Research has shown that continually living in regret, repetitive negative rumination and self-blame, can negatively affect not only mental health, but also hormonal and immune system functioning (“The Psychology of Regret” Psychology Today). Continual regret also causes the individual to withdraw from current situations, as they are so wrapped up in the past.
How do we deal with regret in a healthy manner? While some thoughts of the past can be good in order to help us change and grow, we must move past regret in order to live a healthy, fulfilled life. So how do we manage regret and use it for our personal growth and health?

1. Use the emotion to help you make the changes that are necessary in your life. Consider if the situation can be changed, for example, ongoing behaviors that are hurting yourself or others. Recognize what you have done and resolve it, changing your behaviors and moving on with the help of God. Many people stall at this point because they feel they cannot change on their own.
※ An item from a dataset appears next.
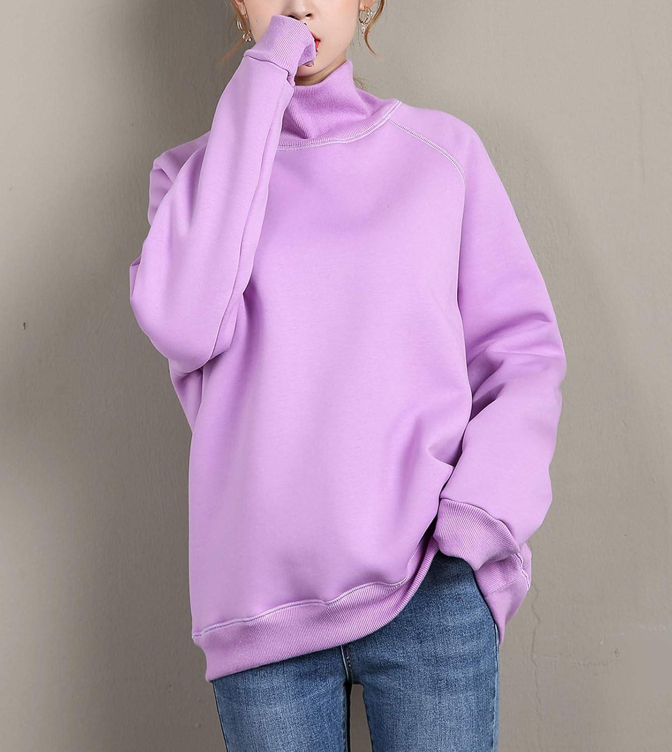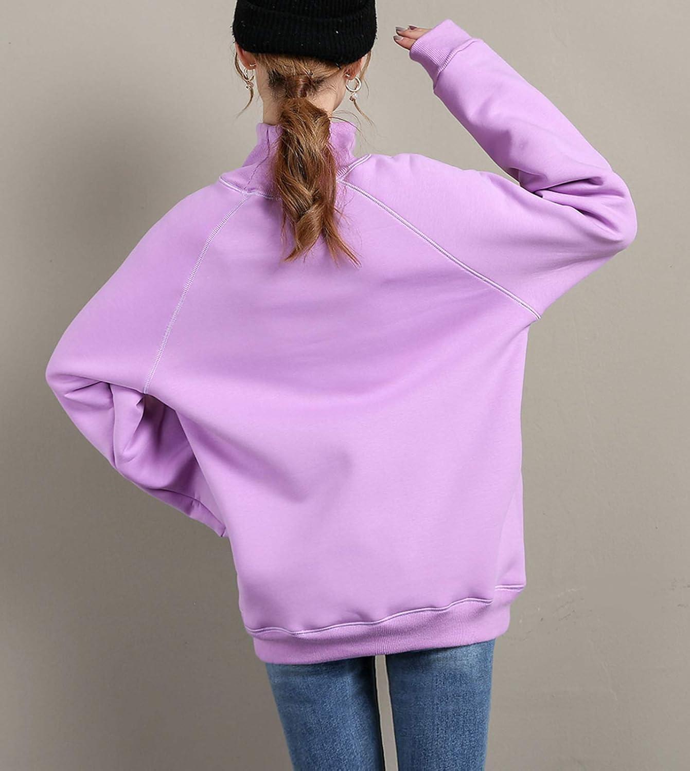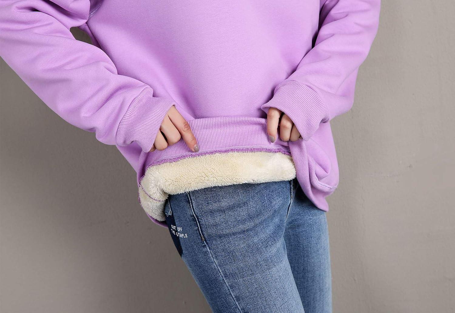 Flygo Women’s Girls Warm Fleece Sherpa Lined High Neck Pullover Sweatshirt(Lilac)

This is where faith comes in.
Paul knew this confrontation with himself. “What a wretched man I am! Who will rescue me from this body that is subject to death? Thanks be to God, who delivers me through Jesus Christ our Lord!” (Romans 7:24-25).
Recognize that you cannot change the past but must instead accept it, make peace with it, and move on, making changes for a healthier life.

2. Realize that if there is nothing you can do, you need to just let it go. This reminds me of David’s grieving for his son in 2 Samuel 12. David had slept with Uriah’s wife and got her pregnant. He then arranged Uriah’s death on the battlefield and took the widow as his own wife. The child born from their illicit relationship became ill, and David laid of his face before God, interceding for the child, taking nothing to eat. The child eventually died, causing those around David to fear for him. However, David got up, washed himself, and got something to eat. When asked why the change, “He answered, “While the child was still alive, I fasted and wept. I thought, ‘Who knows? The Lord may be gracious to me and let the child live.’ But now that he is dead, why should I go on fasting? Can I bring him back again? I will go to him, but he will not return to me.” David returned to his life and rebuilt it with his new wife Bathsheba, eventually fathering his son, Solomon, who would reign after him as king in Israel.

3. Look at the situation clearly. Seek out forgiveness and move on, whether it comes or not. In Matthew 5:23-24, Jesus tells us that we are to go to those who have something against us and to attempt reconciliation. It is important that we do everything we can to resolve the situation, but this will not always work. The other person may be unwilling or unable to offer forgiveness; however, at this point we are to move on and to find healing in Christ. “If we confess our sins, he is faithful and just and will forgive us our sins and purify us from all unrighteousness” (1 John 1:9). Pray for those who don’t forgive you, but don’t let their lack of forgiveness drag you down into the depths of despair and loss. Find forgiveness in God’s grace and mercy and move forward with your life.

Regret can be helpful, but it can also be unhealthy and damaging to the individual. It is important to use the emotion of regret to make changes in our lives, but it is also necessary to move past the emotion, resolving it by confession and receiving forgiveness, not only from others, but from God. Only then can we live healthy, fulfilled lives.



One thought on “Living in the Past (originally published 08/07/2014)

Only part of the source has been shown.